## Problem details:
The records should be repeated word for word, pictures excluded.

Stored dataset items:

○ ○ ○ ○ ○

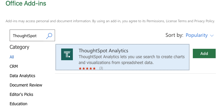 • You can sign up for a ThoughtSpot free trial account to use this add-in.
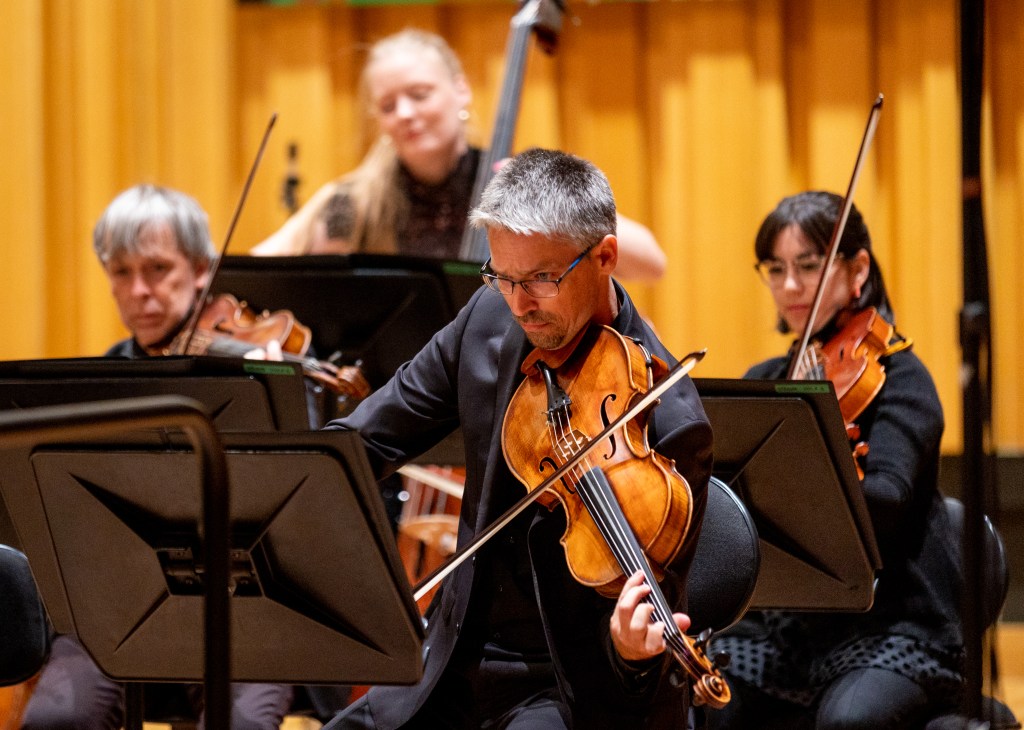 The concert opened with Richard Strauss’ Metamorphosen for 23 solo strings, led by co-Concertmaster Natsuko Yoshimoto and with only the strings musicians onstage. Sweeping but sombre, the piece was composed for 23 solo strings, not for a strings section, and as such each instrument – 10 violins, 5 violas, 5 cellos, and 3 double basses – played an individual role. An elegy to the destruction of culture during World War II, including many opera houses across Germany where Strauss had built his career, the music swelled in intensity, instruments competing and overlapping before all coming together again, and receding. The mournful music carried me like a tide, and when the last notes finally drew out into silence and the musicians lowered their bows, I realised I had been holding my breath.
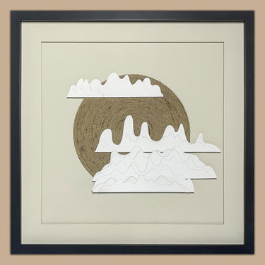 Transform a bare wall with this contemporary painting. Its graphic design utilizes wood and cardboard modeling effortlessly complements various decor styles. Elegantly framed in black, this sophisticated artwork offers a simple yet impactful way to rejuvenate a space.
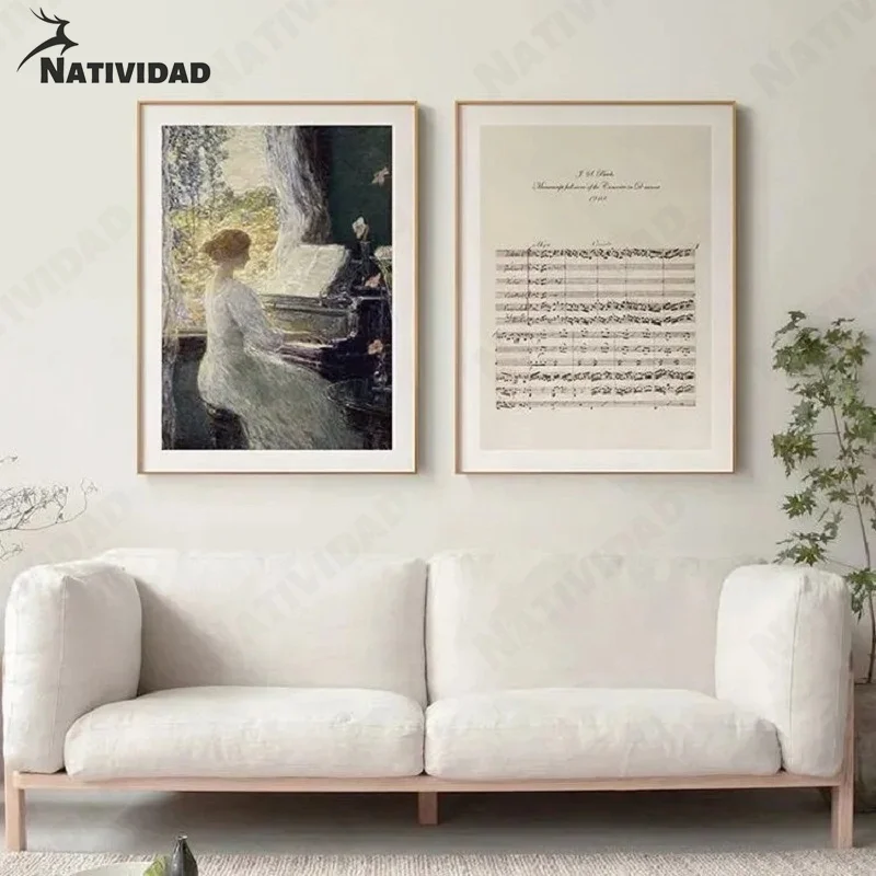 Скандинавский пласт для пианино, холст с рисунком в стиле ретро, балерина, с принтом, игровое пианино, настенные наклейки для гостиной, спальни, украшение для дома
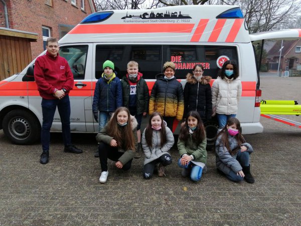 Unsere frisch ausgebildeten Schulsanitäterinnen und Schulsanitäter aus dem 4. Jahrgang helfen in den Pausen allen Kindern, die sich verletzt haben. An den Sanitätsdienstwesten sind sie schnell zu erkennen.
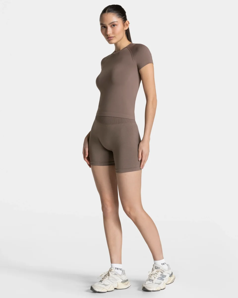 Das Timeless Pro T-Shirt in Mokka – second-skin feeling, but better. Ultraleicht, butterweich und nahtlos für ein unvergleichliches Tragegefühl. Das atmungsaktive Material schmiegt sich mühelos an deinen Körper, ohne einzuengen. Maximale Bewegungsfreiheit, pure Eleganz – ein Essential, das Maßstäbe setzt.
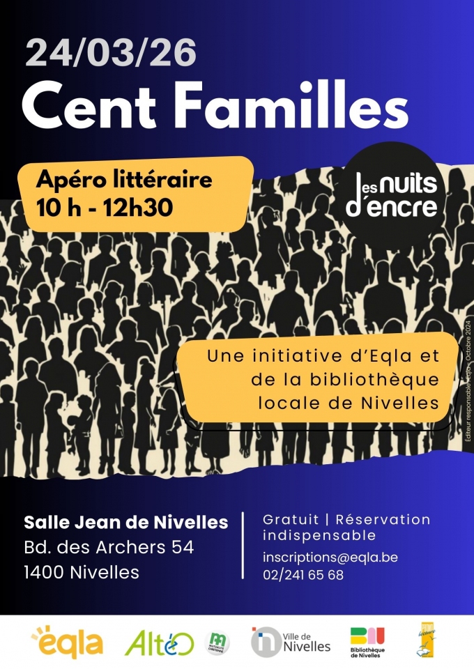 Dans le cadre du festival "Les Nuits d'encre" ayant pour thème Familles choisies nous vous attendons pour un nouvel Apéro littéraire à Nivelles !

○ ○ ○ ○ ○

## Solution to this task:
 • You can sign up for a ThoughtSpot free trial account to use this add-in.
 The concert opened with Richard Strauss’ Metamorphosen for 23 solo strings, led by co-Concertmaster Natsuko Yoshimoto and with only the strings musicians onstage. Sweeping but sombre, the piece was composed for 23 solo strings, not for a strings section, and as such each instrument – 10 violins, 5 violas, 5 cellos, and 3 double basses – played an individual role. An elegy to the destruction of culture during World War II, including many opera houses across Germany where Strauss had built his career, the music swelled in intensity, instruments competing and overlapping before all coming together again, and receding. The mournful music carried me like a tide, and when the last notes finally drew out into silence and the musicians lowered their bows, I realised I had been holding my breath.
 Transform a bare wall with this contemporary painting. Its graphic design utilizes wood and cardboard modeling effortlessly complements various decor styles. Elegantly framed in black, this sophisticated artwork offers a simple yet impactful way to rejuvenate a space.
 Скандинавский пласт для пианино, холст с рисунком в стиле ретро, балерина, с принтом, игровое пианино, настенные наклейки для гостиной, спальни, украшение для дома
 Unsere frisch ausgebildeten Schulsanitäterinnen und Schulsanitäter aus dem 4. Jahrgang helfen in den Pausen allen Kindern, die sich verletzt haben. An den Sanitätsdienstwesten sind sie schnell zu erkennen.
 Das Timeless Pro T-Shirt in Mokka – second-skin feeling, but better. Ultraleicht, butterweich und nahtlos für ein unvergleichliches Tragegefühl. Das atmungsaktive Material schmiegt sich mühelos an deinen Körper, ohne einzuengen. Maximale Bewegungsfreiheit, pure Eleganz – ein Essential, das Maßstäbe setzt.
 Dans le cadre du festival "Les Nuits d'encre" ayant pour thème Familles choisies nous vous attendons pour un nouvel Apéro littéraire à Nivelles !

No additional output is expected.